## DATA:
+===+

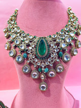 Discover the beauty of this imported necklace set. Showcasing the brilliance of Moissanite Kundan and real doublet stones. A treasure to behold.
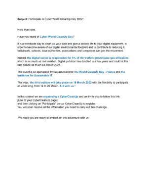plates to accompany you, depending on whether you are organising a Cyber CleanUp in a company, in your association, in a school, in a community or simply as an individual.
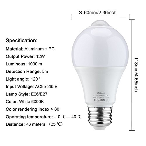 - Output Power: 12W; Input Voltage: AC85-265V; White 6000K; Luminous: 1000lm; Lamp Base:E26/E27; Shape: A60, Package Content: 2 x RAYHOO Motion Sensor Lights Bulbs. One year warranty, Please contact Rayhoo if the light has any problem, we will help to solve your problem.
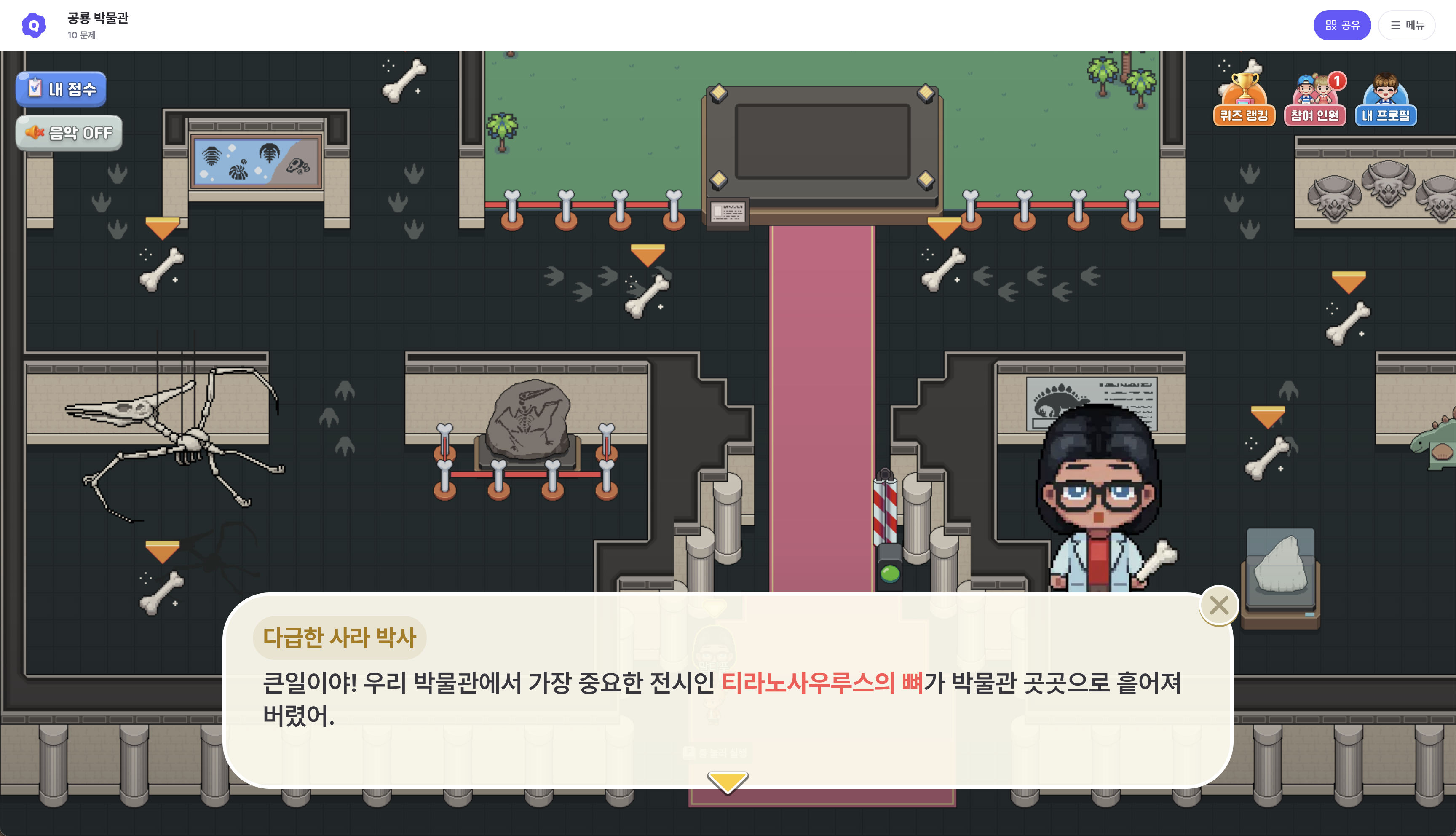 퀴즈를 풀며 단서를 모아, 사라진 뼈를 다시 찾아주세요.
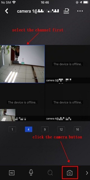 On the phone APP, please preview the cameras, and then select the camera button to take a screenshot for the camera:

+===+

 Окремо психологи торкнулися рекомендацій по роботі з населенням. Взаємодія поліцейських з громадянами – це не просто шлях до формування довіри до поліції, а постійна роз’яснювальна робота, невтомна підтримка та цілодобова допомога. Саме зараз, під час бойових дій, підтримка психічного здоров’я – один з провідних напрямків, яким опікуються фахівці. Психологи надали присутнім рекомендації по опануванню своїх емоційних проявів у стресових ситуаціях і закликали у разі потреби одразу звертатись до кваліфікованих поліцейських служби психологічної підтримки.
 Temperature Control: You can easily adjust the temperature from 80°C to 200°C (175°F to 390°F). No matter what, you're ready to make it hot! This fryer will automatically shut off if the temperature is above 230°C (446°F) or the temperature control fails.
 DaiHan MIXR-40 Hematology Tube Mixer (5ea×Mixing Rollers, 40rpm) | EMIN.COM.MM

+===+

## REQUIREMENT:
Could you repeat, exactly, only the lines above starting at the one that has "Discover the beauty" and stopping after the one that has "On the phone", without the pictures?

## WRITTEN RESPONSE:
 Discover the beauty of this imported necklace set. Showcasing the brilliance of Moissanite Kundan and real doublet stones. A treasure to behold.
plates to accompany you, depending on whether you are organising a Cyber CleanUp in a company, in your association, in a school, in a community or simply as an individual.
 - Output Power: 12W; Input Voltage: AC85-265V; White 6000K; Luminous: 1000lm; Lamp Base:E26/E27; Shape: A60, Package Content: 2 x RAYHOO Motion Sensor Lights Bulbs. One year warranty, Please contact Rayhoo if the light has any problem, we will help to solve your problem.
 퀴즈를 풀며 단서를 모아, 사라진 뼈를 다시 찾아주세요.
 On the phone APP, please preview the cameras, and then select the camera button to take a screenshot for the camera:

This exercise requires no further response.